イジワルな彼は私を溺愛しています ②
*side 有紀

私が和海と釣り合ってると言われた!!!

しかも、ファンクラブの会長さんに!!

私よりも背が高くて、スタイルを良くて、大人っぽい先輩に!!

私は今にも舞い上がりそうなくらい嬉しかった。

和海が来るのを待っていたであろう先輩に和海を渡して、私の前にはいつの間にか2人の男がいた。

「水沢さんですか?」

身長の高い方が言った。

私に敬語。

……ファンクラブの方達ですか。

「はい」

「やっぱり~。
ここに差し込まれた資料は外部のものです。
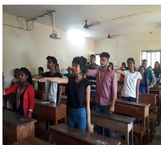
Swatchata Oath administered to volunteers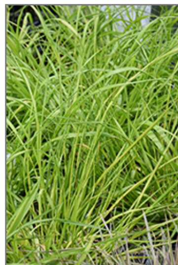
Prairie Winds Lemon Squeeze Fountain Grass foliage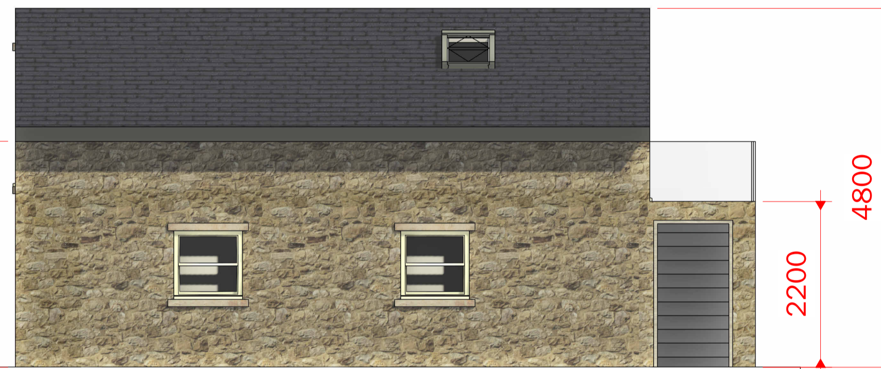
4 Existing North 1 : 50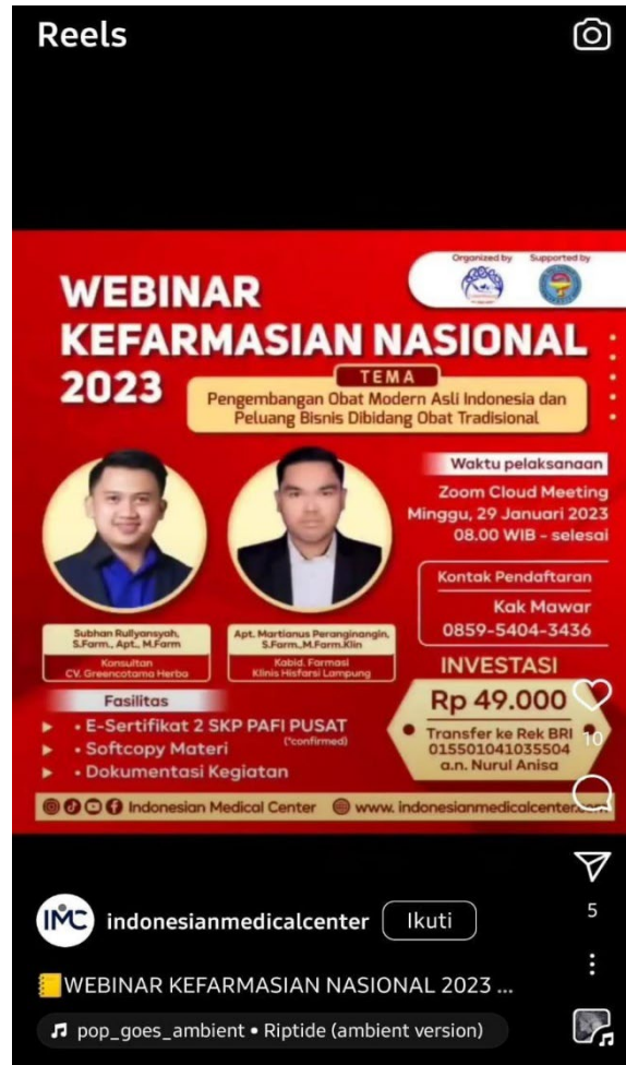
Figure 3: The National Pharmaceutical webinar event

This webinar can provide a competitive advantage in digital marketing strategies. The event can potentially draw interest from a particular target audience, including academicians, pharmaceutical corporations, healthcare professionals, and practitioners of traditional medicine if it has a compelling theme. Participants are likely to be more receptive to messages and promotions sent through digital marketing tactics if they are interested in the topics of creating unique contemporary medications and business opportunities in the field of traditional medicine. Attendees can engage in interactive interactions with speakers and other attendees during Q&A sessions, panel discussions, and sharing sessions. This gives digital marketing tactics the chance to employ social media promotion, hash-tagging, and content sharing to broaden their audience, create buzz, and raise participant involvement.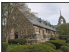
ST. JULIA CHURCH 374 BOSTON POST RD WESTON, MA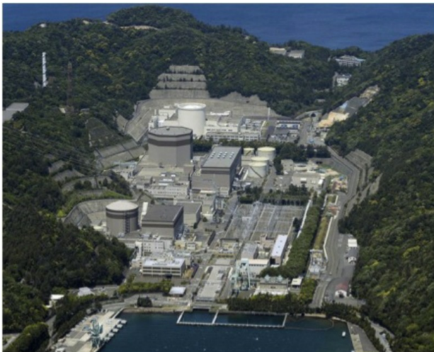
Fault under the Tsuruga reactor

There appear to be a number of problems with the above argument. First, Japan does not have 50 reactors ready and waiting to be restarted. Fully six of its nuclear plants (meaning sites with multiple reactors) are under investigation because there is concern that lax regulation saw them built on or too close to active seismic faults. The most recent example is the Tsuruga number 2 reactor in Fukui Prefecture. The previous and now defunct regulator (the Nuclear and Industrial Safety Agency of the METI) assented to its construction after a "shoddy" safety check, but on May 22 the new regulator (the "Nuclear Regulatory Agency," or NRA) accepted the advice of its five-member expert panel and ruled that the plant is built on an active seismic fault. 2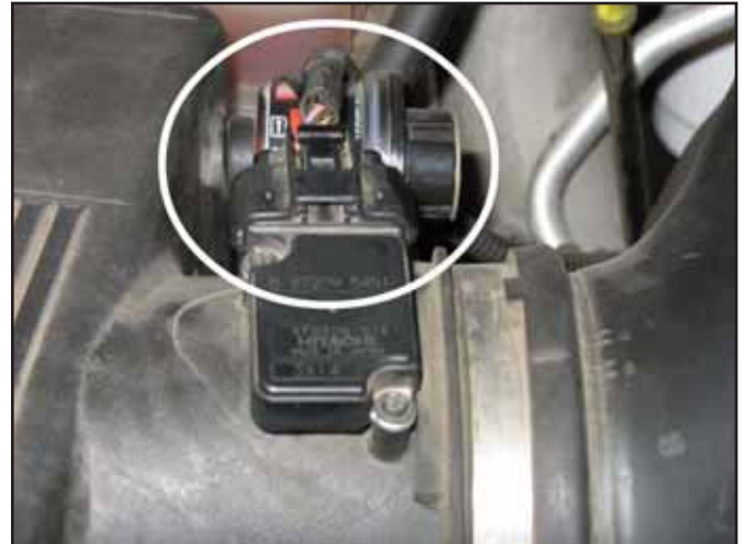
b. Unplug the mass air flow sensor (MAF) wiring harness.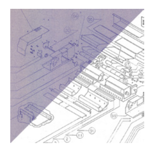
Adaptive threshold algorithm Nextimage comes with a newly developed B&W algorithm that combines background cleaning and preservation of grayscales in one mode. Use it for both clean new originals and for low contrast blueprints.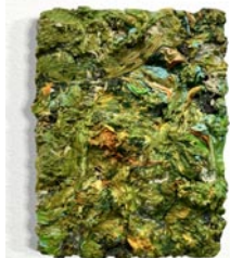
Joel Longenecker (1963-) Untitled Oil on panel Date: 2023 Size: 12" x 9"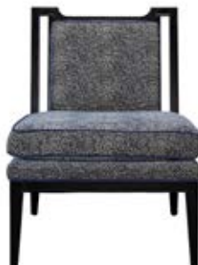
STILLWELL LOUNGE CHAIR navy with cream dots / onyx w 25" d 31" h 32" style no. 1438-03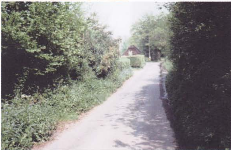
(1) Bunces Shaw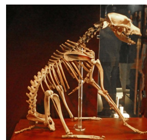
"Hatch" the dog

可愛い!です」

背の小さい方が言った。

違和感しかない敬語を使わないでほしい。

「水沢さんは、どうして生徒会に入り浸っているの?ですか」

こいつ相当の馬鹿だな。
しかも、こいつの方がしゃべる。

ジャンケンで勝った私のアシスタントの方々がこいつじゃなかったことに安堵する。

「会長の手伝いです」

「へー、会長は優しいんでしょ?さっき新聞委員会の最新号に書いてあったんだよ。です」

これで敬語のつもりなのか。

「はい。とっても優しいです」

「水沢さんが仕事する所見てみたい!です」

もう、最後の「です」をやめてほしい。

「それは会長に聞いてみないとなんとも…」

「えー、でも会長今忙しいしね。です」

チラッと見てみると和海はファンクラブの方々に囲まれている。

時おり、女子の笑い声が聞こえる。

和海が珍しく饒舌になっているのだろう。

和海は一瞬、私と目を合わせたがすぐに逸らして笑顔で女子と話し出した。

カチンときて、私も和海から視線を外した。